New documents show that Minnesota Governor Mark Dayton and his staff were caught off guard last year on what was one of the legislative session’s final surprises – the attempt to curtail the duties of the state auditor.

Documents obtained by Public Record Media indicate that the governor and his staff initially underestimated the impact of a last-minute move to allow counties to have the option of hiring private firms to conduct audits, instead of having them done by the state auditor.

The documents were published by the Saint Paul Pioneer Press on February 4th – the same day that Otto filed a lawsuit which argued that the legislative change infringed on the constitutional duties of her office.

Conflicting information

The newly released documents show that early on the morning of May 18, 2015, there was confusion in the governor’s office about what was happening.  “What was done with the State Auditor’s audits of local governments?” Dayton asked his staff at 7:31 am that morning.

Forty-five minutes later, Otto herself alerted the governor’s office.  “They voted to privatize county audits last night,” she wrote in an e-mail to Dayton staffer Shannon Patrick.

Roughly an hour later, Dayton staffer Jaime Tincher told Patrick to connect with Otto.  “Write her back and tell her our understanding is it is an [Office of Legislative Auditor, OLA] study of the issue, not actually doing it,” Tincher wrote.

But less than an hour after that, the governor’s staff was having second thoughts.  “Jaime – made call this morning for clarification on this,” Patrick e-mailed Tincher.  “Told that in addition to [OLA] study, counties [can] get private audits but that ability is delayed for one year until July 1 2016.”

In another e-mail to the governor’s staff that same morning, Otto stressed that the change had, in fact, occurred. “They kept the privatization issue in the bill,” Otto wrote.  “It is still in there.”

Shortly after 11:00 am, Patrick updated the governor. “It is my understanding,” he wrote, “that in addition to authorizing the OLA to study and report on the efficiency of audits of counties of state auditor, the conference committee agreement also allows counties to have audits done by private CPA firms effective August 2016.”

A short time later, Otto was back in contact with the governor’s office.  “I need you all to communicate with [others] and Bakk on this,” Otto said in an email to Patrick, referencing Senate Majority Leader Tom Bakk.  “[Some are saying] the governor was OK with (it).  I think wires got crossed along the way, but I think it can be fixed before it hits the Senate floor.”

Standing disagreement

The language, however, was not removed, and was signed into law.  In early June, Dayton and House Speaker Kurt Daudt exchanged letters which emphasized their continuing disagreement over the legislative changes to the state auditor’s office.

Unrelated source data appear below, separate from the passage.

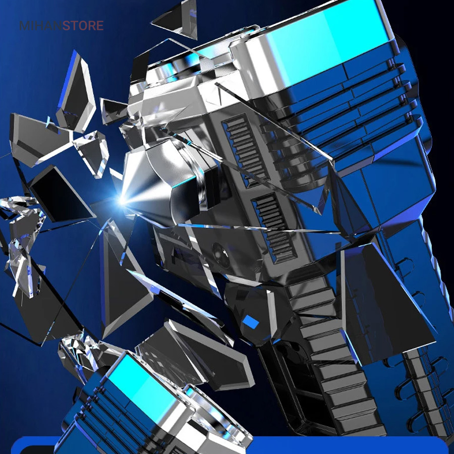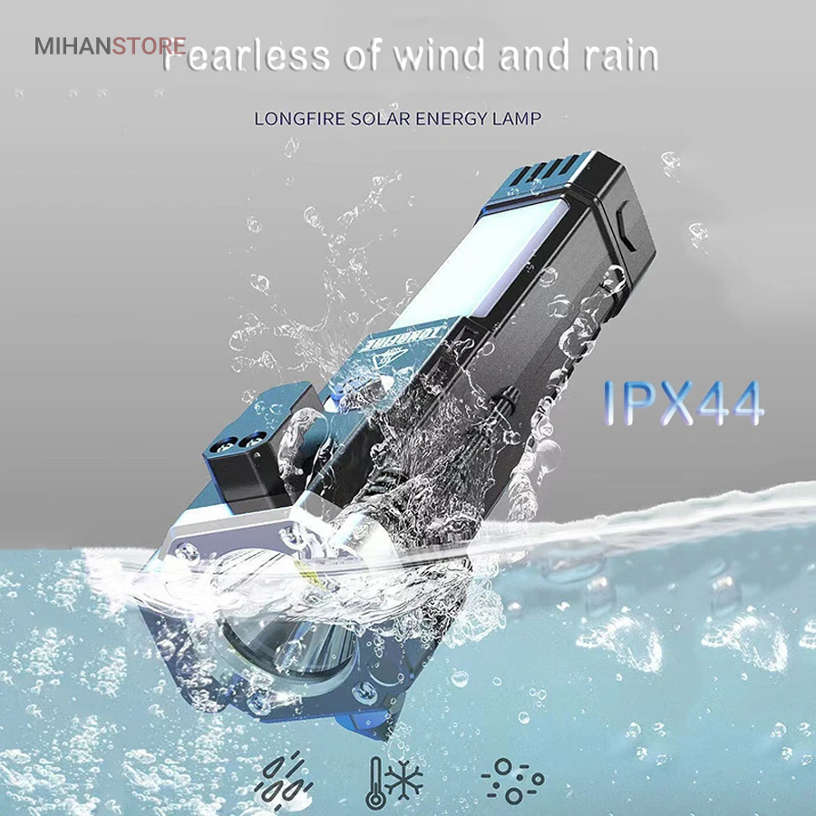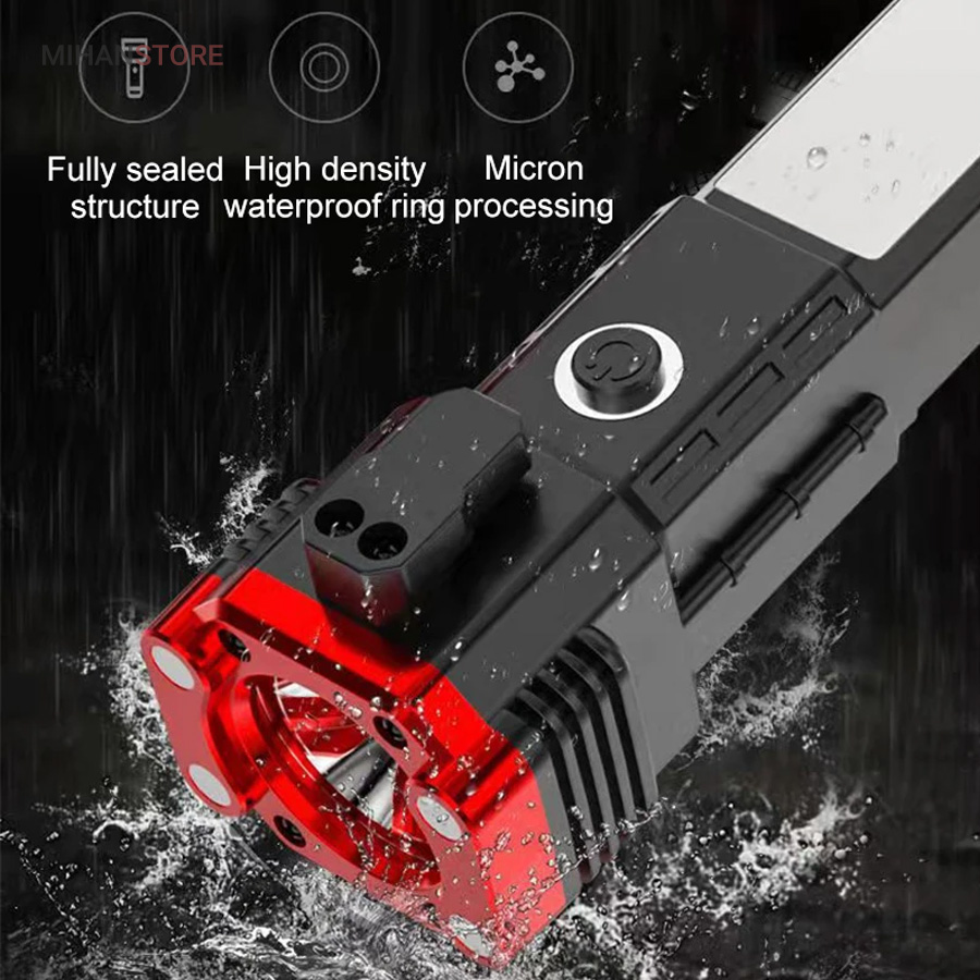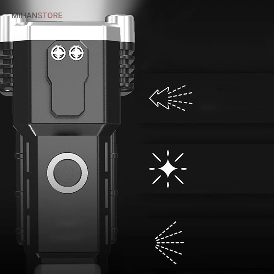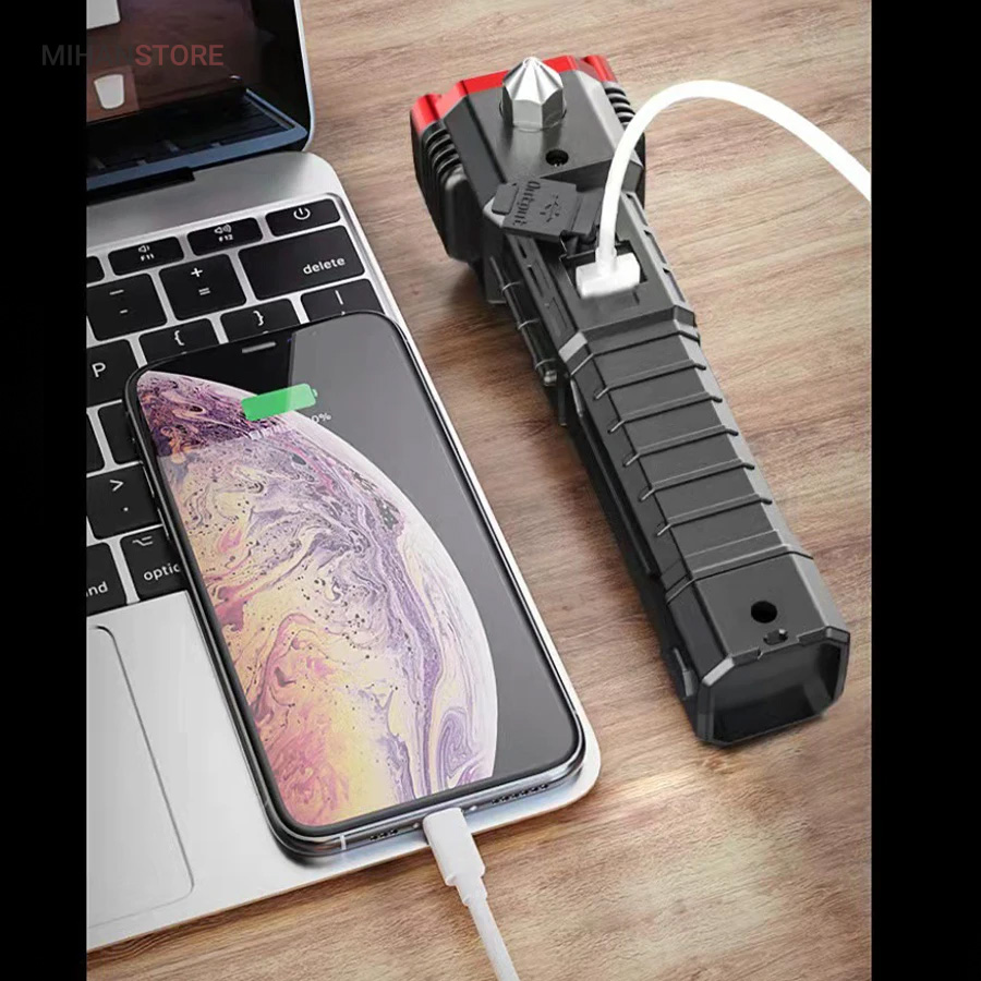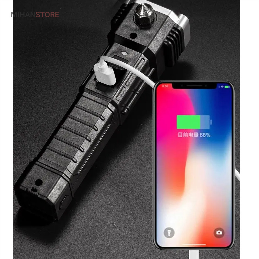 این چراغ قوه شارژی که جنس بدنه از آلیاژ است و دربرابر ضربه بسیار مقاوم است. دارای  سیستم ضد آب است و ایمن برای استفاده حتی در زیر باران میباشد. کابل های مهر و موم شده با کیفیت بالا  به گونه ای که می تواند حتی در هنگام باران نیز به کار خود ادامه دهد. شارژ چراغ قوه از طریق کابل USB به سادگی با اتصال به پاور بانک و برق شهری و ... میباشد.نور چراغ نور سفید 800/3800 است.محدوده نور حدود 300 متر است.نور بصورت 4 حالت روشنایی نور قوی بالا/نور کم/نور بارق/نور جانبی COBاست و با باتری: 18650 باتری آلومینیومی شارژی که داخل آن تعبیه شده است کار میکند . این چراغ قوه شما را از هرنوع چراغ اضطراری دیگر بی نیاز می سازد.
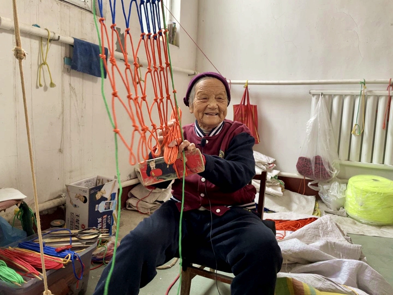 正在編織彩色繩網(wǎng)的鞏祥美 攝影 曹可凡
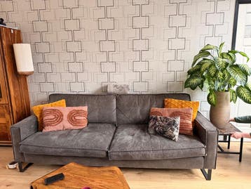 Mooie grijze leren 3-zitsbank, zo snel mogelijk op te halen. De bank is comfortabel en past in diverse interieurstijlen. Ideaal voor wie snel een goede bank nodig heeft. We doen deze weg omdat we een
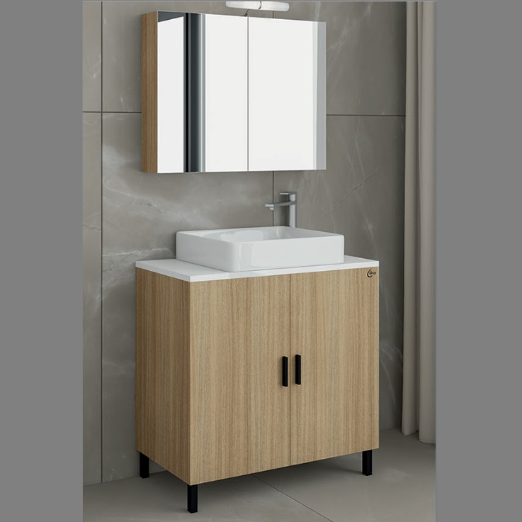 Επιδαπέδια βάση επίπλου διαστάσεων 60cm (πλάτος) x 80cm ( ύψος) x 39cm(προεξοχή από τον τοίχο) με 2 πόρτες και ενιαίο αποθηκευτικό χώρο σε Slavonia Oak φινίρισμα. Διαθέτει πάγκο από υλικό κατασκευής ξύλο θαλάσσης με διαστάσεις 61x40cm καθώς και επικαθήμενο νιπτήρα πορσελάνης άριστης ποιότητας τετράγωνου σχεδιασμού σε λευκό γυαλιστερό φινίρισμα με διαστάσεις (50x38cm) καθώς και καθρέφτη με 2 ντουλάπια με διαστάσεις (60x57.5cm).Μοντέρνα και διαχρονική επιλογή που ταιριάζει μοναδικά σε κάθε μπάνιο.
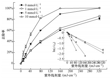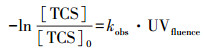式中,[TCS]0和[TCS]為反應前和指定的紫外線劑量下TCS的摩爾濃度(μmol·L-1);kobs為基于紫外線劑量的表觀準一級反應速率常數(shù)(cm2·mJ-1);UVfluence為紫外線劑量(mJ·cm-2).
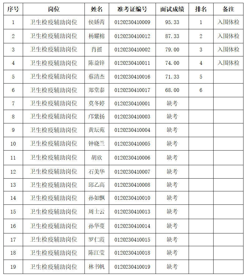 一、??诿捞m機場海關衛(wèi)生檢疫輔助崗位協(xié)管員面試成績表
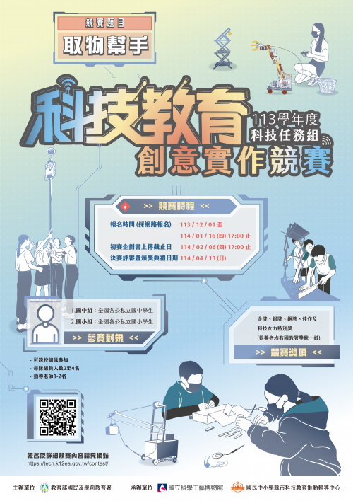 一、依據國立科學工藝博物館113年11月25日館教字第1136263536號函辦理。 二、本競賽係由教育國民及學前教育署主辦,由該館與國立高雄師範大學共同承辦之全國性競賽,邀請全國國中及國小學生參與,將科技領域習得之相關知識與技能發揮於競賽中,參賽團隊可跨校組隊,優勝者將獲頒教育部國民及學前教育署獎狀。 三、本競賽限網路報名,報名時間自113年12月1日至114年1月16日(週四)下午5時止,詳細競賽資訊可參閱網頁:https://tech.k12ea.gov.tw/contest/。 四、檢附競賽電子海報1份。
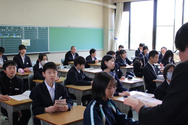 新しい学級での活動がスタートしました。各学級、配付物の確認や明日からの流れを確認しています。
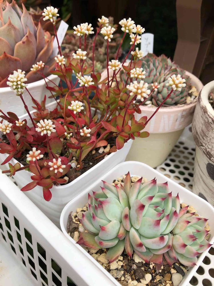 と雨☔みたいです😥 紅稚児の白いお花、可愛いですよね〜💖 多肉を始めた頃に、可愛いからほしい〜って
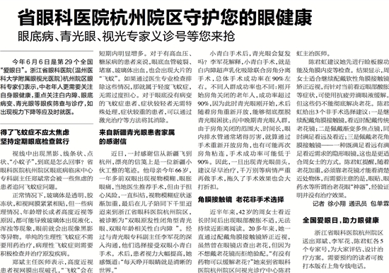 浙江省眼科医院杭州院区送出郑斌、李军花、陈君虹各5个专家号,为大家评估、设计治疗方案。需要预约的读者可拨打本版右上角专线电话。
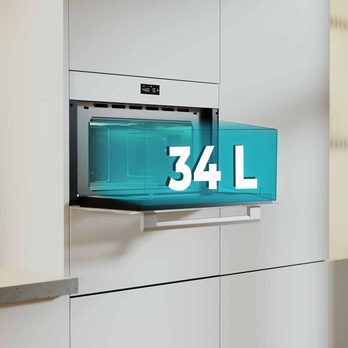 The integrated microwave MW703800 from Cecotec is designed to provide an efficient and modern kitchen solution, blending elegantly with furniture thanks to its white color and compact design that eases installation. It has a 34-liter capacity, ideal for preparing everything from simple dishes to more elaborate meals, adapting to various family or personal needs. Its features include a built-in timer that allows precise cooking time control to avoid overheating or undercooked food, and a grill function, useful for browning or gratinating food to offer more appealing textures and finishes. It also includes a defrost function, facilitating the preparation of frozen foods without long waiting or manual thawing. Its built-in display provides ease and clarity in viewing settings and available modes, while the touch control offers an intuitive and modern interface, speeding up microwave programming and operation without complications. Made with durable materials like metal and glass, it ensures longevity and ease of cleaning and maintenance. Additionally, this model is a practical choice for those seeking a functional appliance within an integrated environment that combines aesthetics and simple technology. Overall, the Cecotec MW703800 represents a balanced option for those who value a microwave with adequate capacity and basic, accessible functions, optimizing both space and daily kitchen use.

“I understand you are having second thoughts about a provision you signed into law two weeks ago that gives every county the option to use peer-reviewed and heavily regulated CPA firms for their audits,” Daudt told the governor on June 8.  “As you know, 28 counties and most cities and school districts already have this option.”

Dayton replied in a letter the same day: “Regarding the State Auditor’s language, you are correct that I signed the omnibus State Government Finance bill.  As I stated at that time and have repeated to you thereafter, I decided not [to] veto the entire bill over that one unacceptable provision, because I did not want to subject an additional 7500 state employees to the uncertainties of possible layoffs on July 1st.  I had believed that we could reach a mutually acceptable resolution of our differences to supplant the House’s unwise, and possibly unconstitutional, decimation of a Constitutional Office.”